Lars Volker has posted comments on this change. ( 
http://gerrit.cloudera.org:8080/12069 )

Change subject: IMPALA-7694: Add host resource usage metrics to profile
......................................................................


Patch Set 12:

(20 comments)

http://gerrit.cloudera.org:8080/#/c/12069/11/be/src/runtime/coordinator-backend-state.h
File be/src/runtime/coordinator-backend-state.h:

http://gerrit.cloudera.org:8080/#/c/12069/11/be/src/runtime/coordinator-backend-state.h@67
PS11, Line 67:
> nit: Please add a comment on the role of this parameter.
Done


http://gerrit.cloudera.org:8080/#/c/12069/11/be/src/runtime/coordinator-backend-state.h@67
PS11, Line 67:
> host_profile_parent? It sounds like its an array otherwise
Done


http://gerrit.cloudera.org:8080/#/c/12069/11/be/src/runtime/coordinator-backend-state.h@249
PS11, Line 249: nters for the backend ho
> nit: A brief statement of what this contains.
Done


http://gerrit.cloudera.org:8080/#/c/12069/11/be/src/runtime/query-state.cc
File be/src/runtime/query-state.cc:

http://gerrit.cloudera.org:8080/#/c/12069/11/be/src/runtime/query-state.cc@296
PS11, Line 296:   // Add profile to report
              :   host_profile_->ToThrift(&profiles_forest->host_profile);
              :   profiles_forest->__isset.host_profile = true;
              :   // Free resources in chunked counters in the profile
              :   host_profile_->ClearChunkedTimeSeriesCounters();
> I wonder how this may reconcile with https://gerrit.cloudera.org/#/c/12049/
We drop duplicate values and fill up gaps with 0 (see runtime-profile.cc:1281).
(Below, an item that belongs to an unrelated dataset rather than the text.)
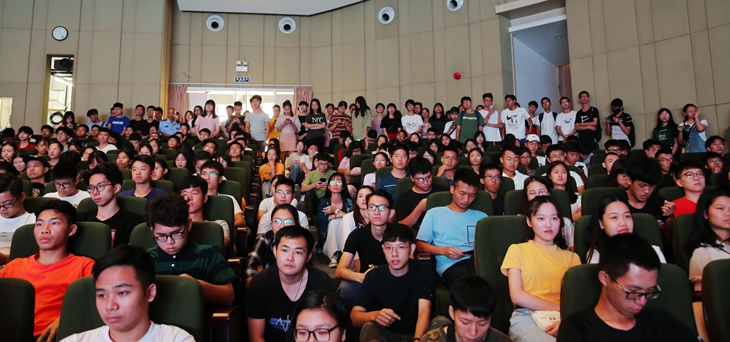 报告厅座无虚席,许多没有座位的学生坐在走道上,甚至站在会场边观看直播。每到激动人心的时刻,师生们都由心而发地响起阵阵热烈的掌声,为祖国欢呼喝彩

To make this more robust, we can clear the counters after sending the profile 
successfully, so that the values would be included in a retry of an 
unsuccessful send. This could be done in 
FragmentInstanceState::ReportSuccessful() in 
https://gerrit.cloudera.org/#/c/12049/3/be/src/runtime/fragment-instance-state.cc@271
 .

Do you think that scenario is likely enough to warrant such a separation of 
getting the values and then "committing" the send once it was successful?


http://gerrit.cloudera.org:8080/#/c/12069/11/be/src/runtime/runtime-state.cc
File be/src/runtime/runtime-state.cc:

http://gerrit.cloudera.org:8080/#/c/12069/11/be/src/runtime/runtime-state.cc@76
PS11, Line 76: profile_(RuntimeProfile::Create(obj_pool(), "<fragment 
instance>")),
> Why this change ?
To make it more consistent. The name is ignored since the profile itself is 
never added as a child to another profile. Instead the profile serves as a 
container to transport counters to the coordinator where they are merged into 
the query profile. In other places of the code we use this notation so I 
adopted it here. Would you like me to add a comment to explain this?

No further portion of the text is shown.